Your goal: When writing out the entries below, keep only the lines from the line with "Bohoemian Transparent Beads" to the line with "Voici de jolies", both included, exactly as they are, and leave the pictures aside.

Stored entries

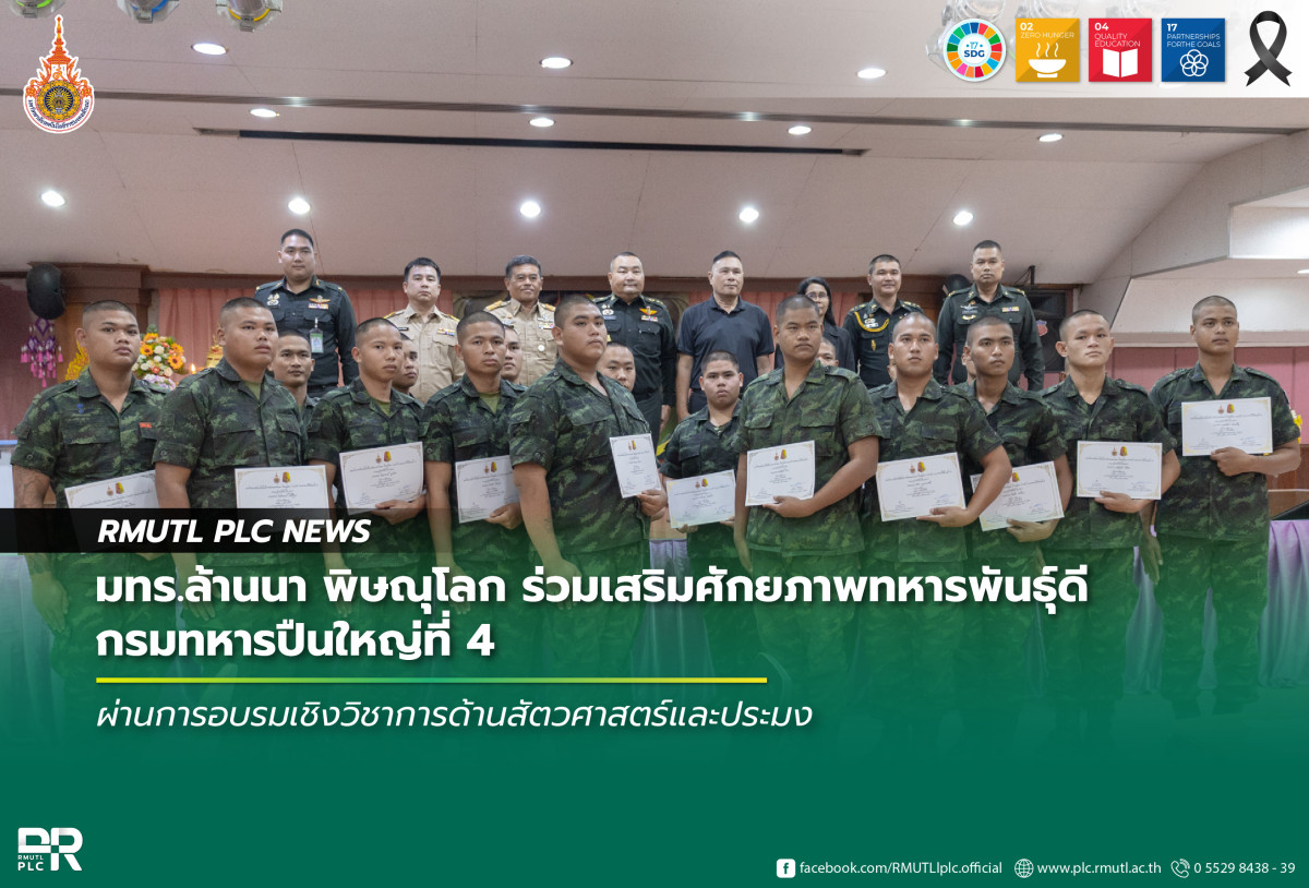 มหาวิทยาลัยเทคโนโลยีราชมงคลล้านนา พิษณุโลก จัดโครงการ “พัฒนาศักยภาพเจ้าหน้าที่โครงการทหารพันธุ์ดี” กรมทหารปืนใหญ่ที่ 4 โดยการอบรมจัดขึ้นระหว่างวันที่ 8 – 11 ธันวาคม 2568 และ 16 – 18 ธันวาคม 2568
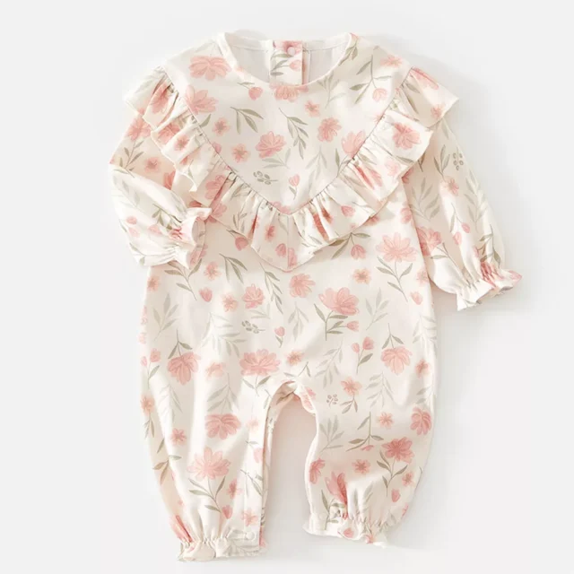 Dress your baby girl in sweet elegance with this charming long sleeve floral cotton romper, designed especially for spring and autumn adventures. Whether it’s her first birthday, a family photoshoot, or a casual day out, this boutique-style onesie brings together comfort, cuteness, and quality in one delightful piece. The soft floral print and princess-inspired look will make your little one the star of every moment.
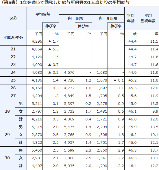 2019年9月、国税庁より平均年収が約441万円だと発表されました。
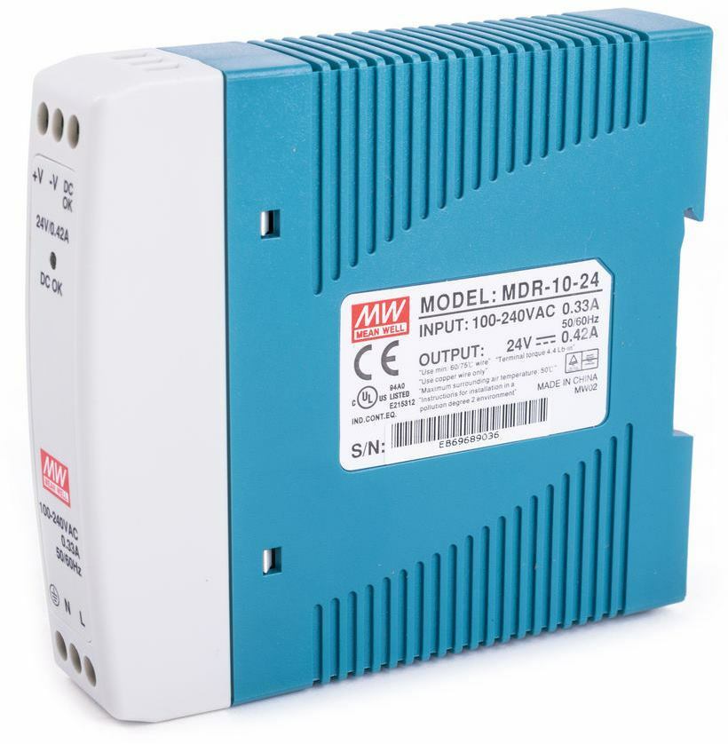 Источник питания MDR-10-24 предназначен для монтажа на DIN-рейку. ИП MDR-10-24 питается от однофазной сети переменного тока или от источника постоянного напряжения. Диапазон входных напряжений переменного тока ИП MDR-10-24 составляет от 85В до 264В частотой 47Гц...63Гц, или от 120В до 370В постоянного напряжения. MDR-10-24 имеет один выходной канал, выходное напряжение которого регулируемое в пределах ±10%. Электрическая прочность изоляции ИП MDR-10-24 составляет не менее 3000В, имеется защита от короткого замыкания и перенапряжения по выходным цепям, защита от перегрева, мягкий пуск с ограничением пускового тока, внутренний тест при включении. ИП MDR-10-24 имеет релейный выход сигнализации наличия напряжения на выходе (DC OK).
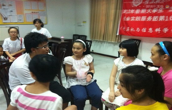 ,计信暑期大学生“三下乡”社会实践服务团第16分队的爱心家教组的10名志愿者前往重庆市渝中区临江门社区服务中心进行义务家教,与当地的16名小孩结对子。临江门社区被誉为“共青团市民学校示范点”并与浪live
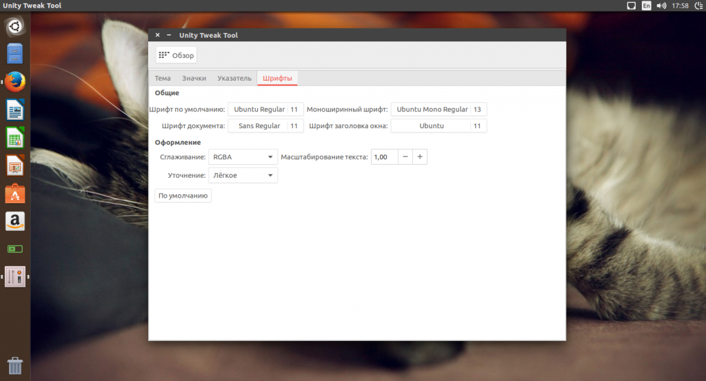 Если вы раньше пользовались Gnome 3, то знаете, что там есть такая возможность, как масштабирование шрифтов и выбор шрифта для системы с помощью Gnome Tweak Tool. Утилита Unity Tweak Tool тоже так умеет. Запустите ее и откройте пункт «Шрифты»:
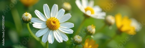 © smart, Naklejka premium Chamomile daisy in full bloom with its stamens, floral, flowers
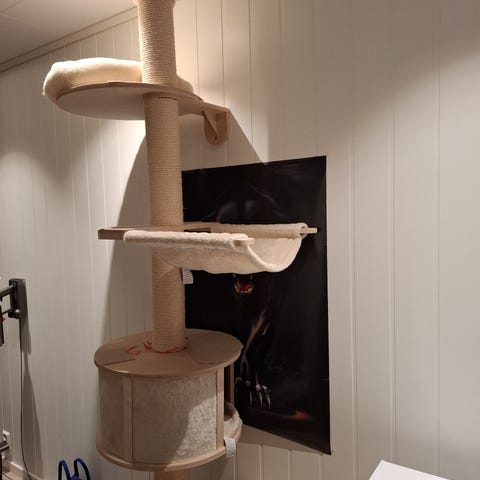 Kattetårn med to etasjer og kloreflate i beige tekstil. Produktet har to runde åpninger foran som gir katten tilgang til separate liggeplasser inne i tårnet. På siden er det en kloreflate som kan brukes til å skjerpe klør. Toppen er polstret og kan fungere som ekstra ligge- eller hvileplass for katten. Egner seg som liggeplass, gjemmested og kloremøbel.
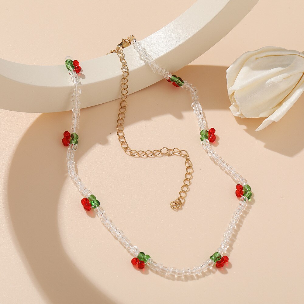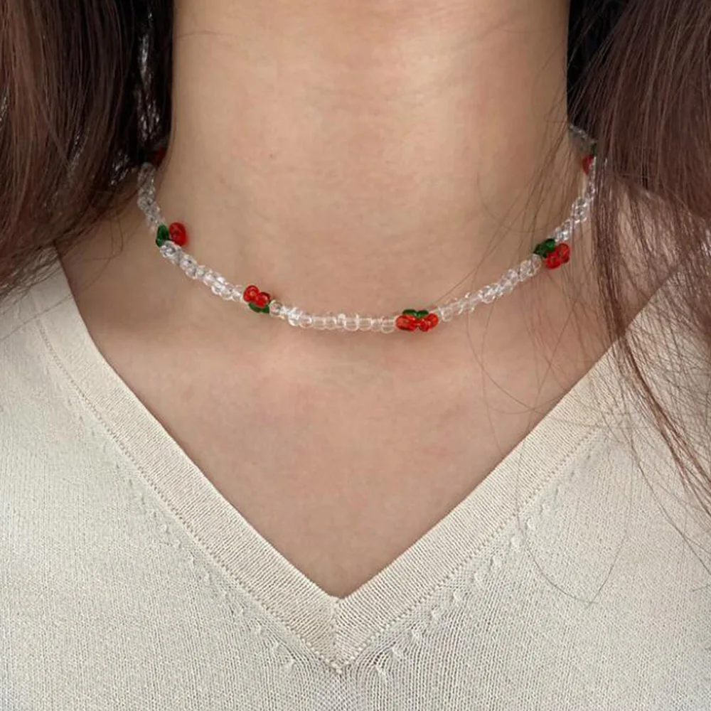 Bohoemian Transparent Beads Cherry Choker Necklaces For Women Girls Cute Short Resin Necklace Trendy Summer Jewelry
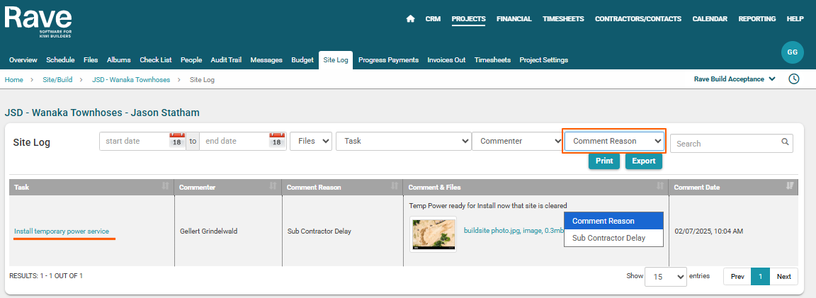 All task comments are also recorded in the project’s ‘Site Log’ sub-tab – allowing you to quickly scan all of the comments, photos and documents added to tasks in your project. Plus some handy filtering tools, and a search field, to quickly find delays across your jobt. As per the screenshot below – the table displaying these includes:
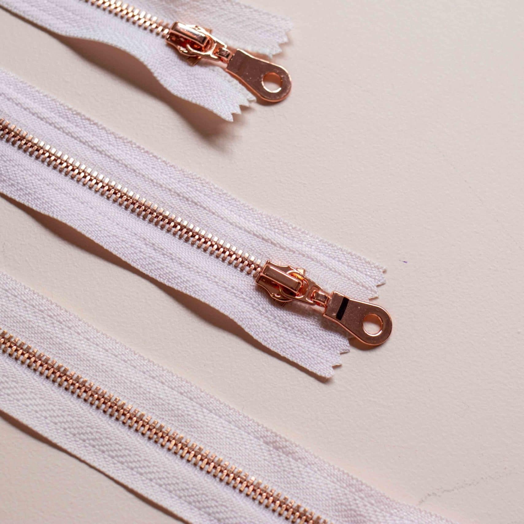 Voici de jolies fermetures à glissière or rose parfaites pour la confection de vêtements, d’objets de déco, de sacs, ou d’accessoires.
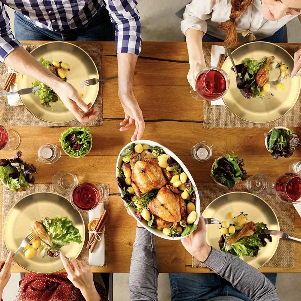 6Pcs Gold Stainless Steels Round Plate Rust-Proof Shallow Tray Plate Camping Plate BBQ Picnic Dishes Cookware
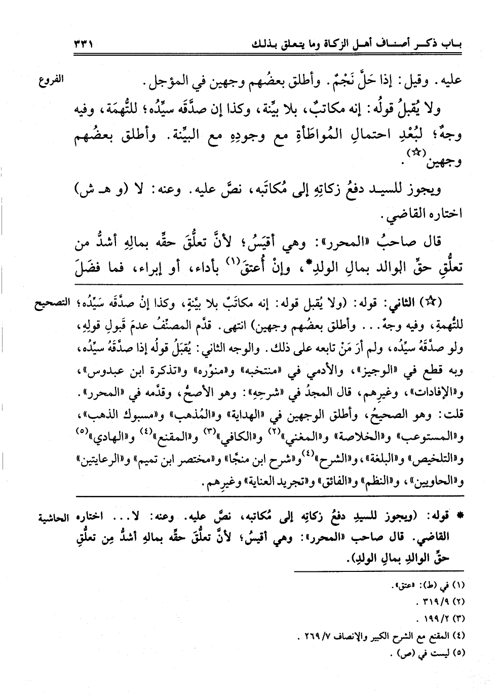 ـــــــــــــــــــــــــــــQ"*" الثَّانِي: قَوْلُهُ: وَلَا يُقْبَلُ قَوْلُهُ إنَّهُ مُكَاتَبٌ بِلَا بَيِّنَةٍ وَكَذَا إنْ صَدَّقَهُ سَيِّدُهُ، لِلتُّهْمَةِ، وَفِيهِ وَجْهٌ وَأَطْلَقَ بَعْضُهُمْ وَجْهَيْنِ، انْتَهَى الْوَجْهُ الْأَوَّلُ قَدَّمَهُ الْمُصَنِّفُ: عَدَمُ قَبُولِ قَوْلِهِ وَلَوْ صَدَّقَهُ سَيِّدُهُ، وَلَمْ أَرَ مَنْ تَابَعَهُ عَلَى ذَلِكَ. وَالْوَجْهُ الثَّانِي يُقْبَلُ قَوْلُهُ إذَا صَدَّقَهُ سَيِّدُهُ، وَبِهِ قَطَعَ فِي الْوَجِيزِ، وَالْآدَمِيِّ فِي مُنْتَخَبِهِ وَمُنَوَّرِهِ وَتَذْكِرَةِ ابْنِ عَبْدُوسٍ، وَالْإِفَادَاتِ، وَغَيْرِهِمْ، قَالَ الْمَجْدُ فِي شَرْحِهِ، وَهُوَ الْأَصَحُّ، وَقَدَّمَهُ فِي مُحَرَّرِهِ قُلْت: وَهُوَ الصَّحِيحُ، وَأَطْلَقَ الْوَجْهَيْنِ فِي الْهِدَايَةِ وَالْمُذَهَّبِ وَالْمُسْتَوْعِبِ وَالْخُلَاصَةِ وَالْمُغْنِي2 وَالْكَافِي3 وَالْمُقْنِعِ4 وَالْهَادِي5 وَالتَّلْخِيصِ وَالْبُلْغَةِ وَالشَّرْحِ4 وَشَرْحِ ابْنِ مُنَجَّى وَمُخْتَصَرِ ابْنِ تَمِيمٍ وَالرِّعَايَتَيْنِ وَالْحَاوِيَيْنِ وَالنَّظْمِ وَالْفَائِقِ وتجريد العناية وغيرهم.
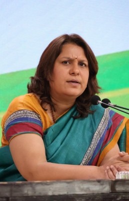Shrinate criticised EAM Jaishankar's statement that India being a smaller economy can't go and fight bigger economy and termed it "blasphemous".
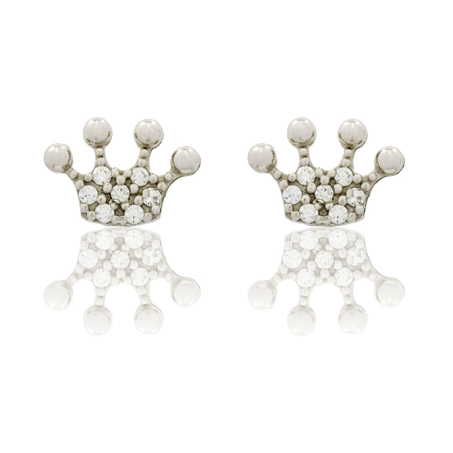 Orecchini in oro BIANCO Oro 18 carati Corona Pavè Zirconi bianchi Gr. 1,5

Response area:
 Bohoemian Transparent Beads Cherry Choker Necklaces For Women Girls Cute Short Resin Necklace Trendy Summer Jewelry
 All task comments are also recorded in the project’s ‘Site Log’ sub-tab – allowing you to quickly scan all of the comments, photos and documents added to tasks in your project. Plus some handy filtering tools, and a search field, to quickly find delays across your jobt. As per the screenshot below – the table displaying these includes:
 Voici de jolies fermetures à glissière or rose parfaites pour la confection de vêtements, d’objets de déco, de sacs, ou d’accessoires.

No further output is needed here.